OVERLOAD AND UNDERFREQUENCY LOAD SHEDDING

Outage of one or more power system components due to the overload may result in overload of other elements in the system. If the overload is not alleviated in time, the process of power system cascading may start, leading to power system separation. When a power system separates, islands with an imbalance between generation and load are formed. One consequence of the imbalance is deviation of frequency from the nominal value. If the generators cannot handle the imbalance, load or generation shedding is necessary. A special protection system or out-of-step relaying can also start the separation.

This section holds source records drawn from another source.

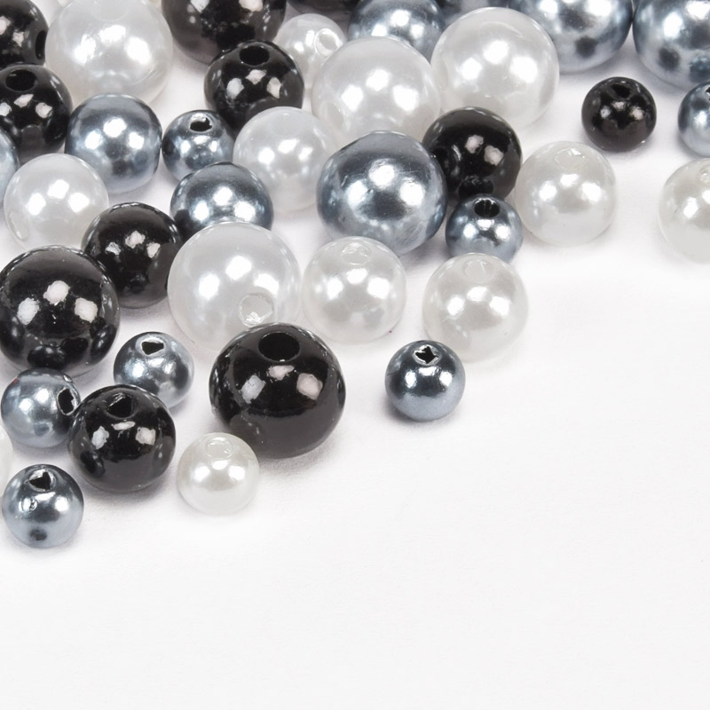 Намистини пластикові Круглі, Перли, 6-10 мм, Мікс чорно-білий (BUS-059768) / 1 уп (25 г)
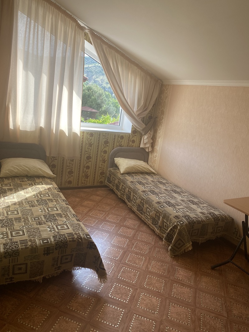 Прекрасный номер для семьи с детьми. В номере: кровати, шкаф, с/у, кондиционер, ТВ, стол и стулья. Красивая винтовая лестница ведет на уютный, обшитый деревом, второй этаж, из окон которого открывается замечательный вид на горы.
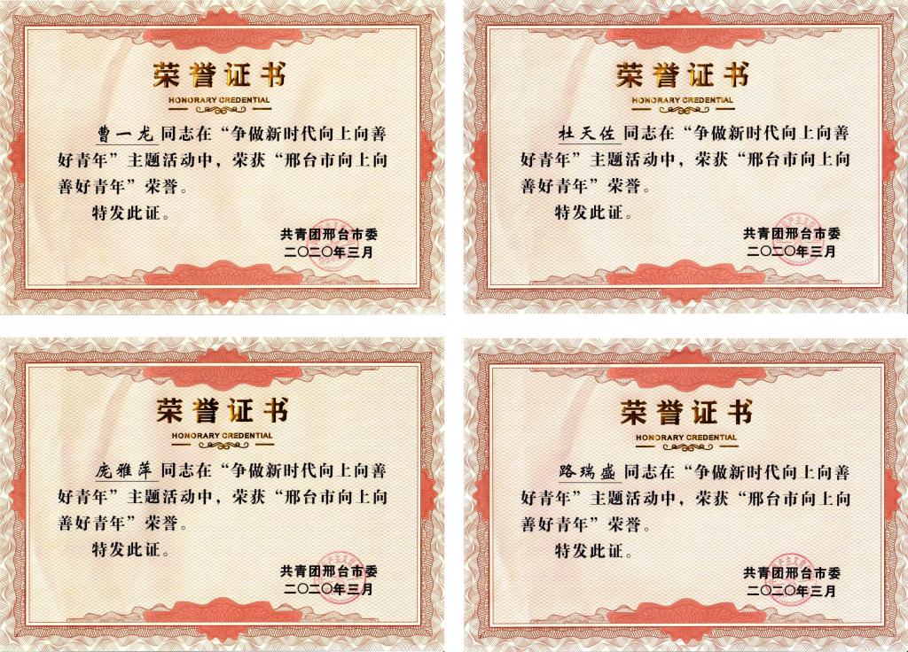 近日,由共青团邢台市委组织的“争做新时代向上向善好青年”评选活动结果揭晓,我院曹一龙、路瑞盛、庞雅萍、杜天佐四位同学分别被评为爱岗敬业类、勤学上进类、诚实守信类“邢台市向上向善好青年”,曹晨磊同学获得推荐参评省级荣誉称号的资格。
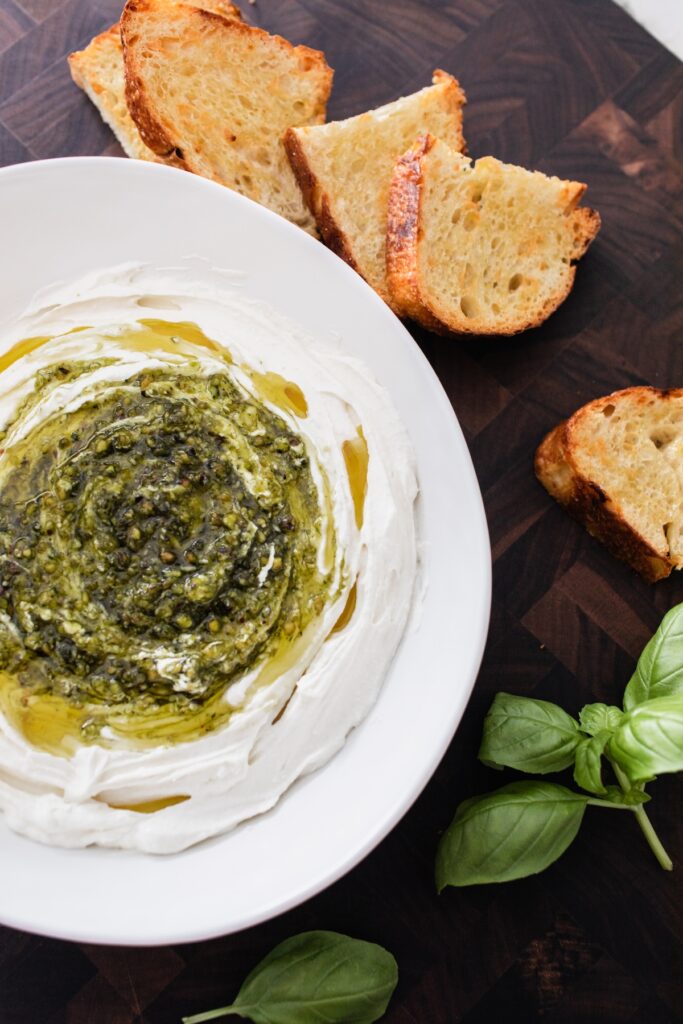 Yes. If you don’t have basil, arugula is the best substitute and adds a fresh, slightly peppery flavor that works well with pistachios. Spinach can also be used, but it’s best paired with a small amount of a more vibrant herb, such as parsley or mint, so the pesto doesn’t taste flat.
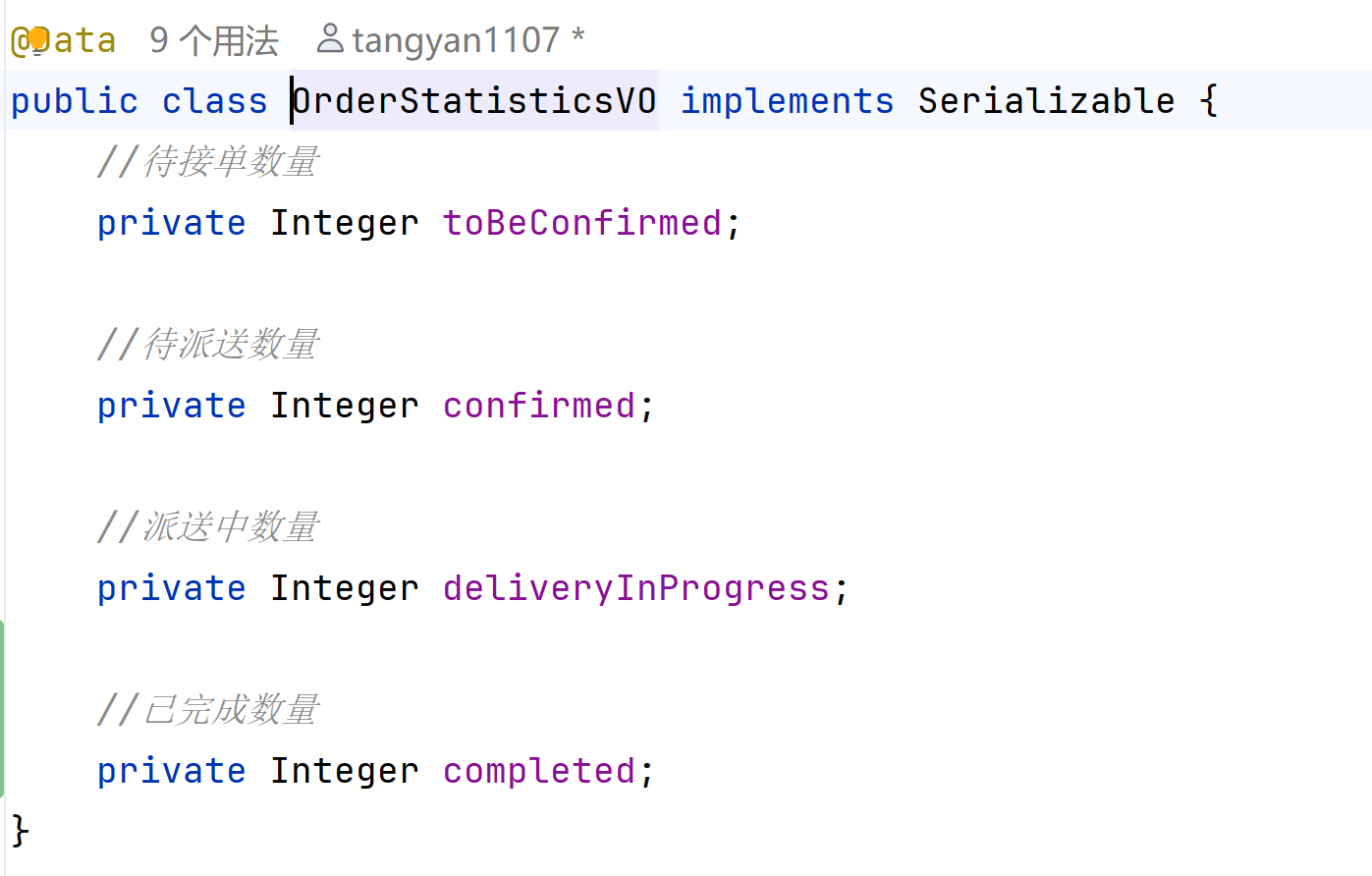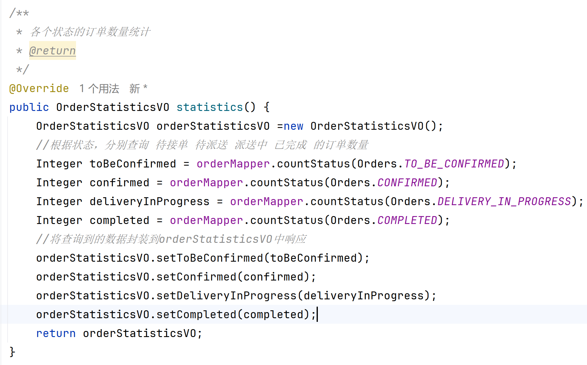 2.2代码实现 ------包含 已完成 订单数量查询,已对应修改实体类

A quick, simple, and reliable way to reestablish active power balance is to shed load by under-frequency relays. The load shedding is often designed as a multistep action, and the frequency settings and blocks of load to be shed are carefully selected to maximize the reliability and dependability of the action. There are a large variety of practices in designing load shedding schemes based on the characteristics of a particular system and the utility practices. While the system frequency is a final result of the power deficiency, the rate of change of frequency is an instantaneous indicator of power deficiency and can enable incipient recognition of the power imbalance. However, change of the machine speed is oscillatory by nature due to the interaction among generators. These oscillations depend on location of the sensors in the island and the response of the generators. The problems regarding the rate-of-change of frequency function are:

• Systems having small inertia may cause larger oscillations. Thus, enough time must be allowed for the relay to calculate the actual rate-of-change of frequency reliably. Measurements at load buses close to the electrical center of the system are less susceptible to oscillations (smaller peak-to- peak values) and can be used in practical applications. Smaller system inertia causes a higher frequency of oscillations, which enables faster calculation of the actual rate-of-change of frequency. However, it causes faster rate-of-change of frequency, and, consequently, a larger frequency drop.

• Even if rate-of-change of frequency relays measure the average value throughout the network, it is difficult to set them properly unless typical system boundaries and imbalance can be predicted. If this is the case (e.g., industrial and urban systems), the rate of change of frequency relays may improve a load shedding scheme (scheme can be more selective and/or faster).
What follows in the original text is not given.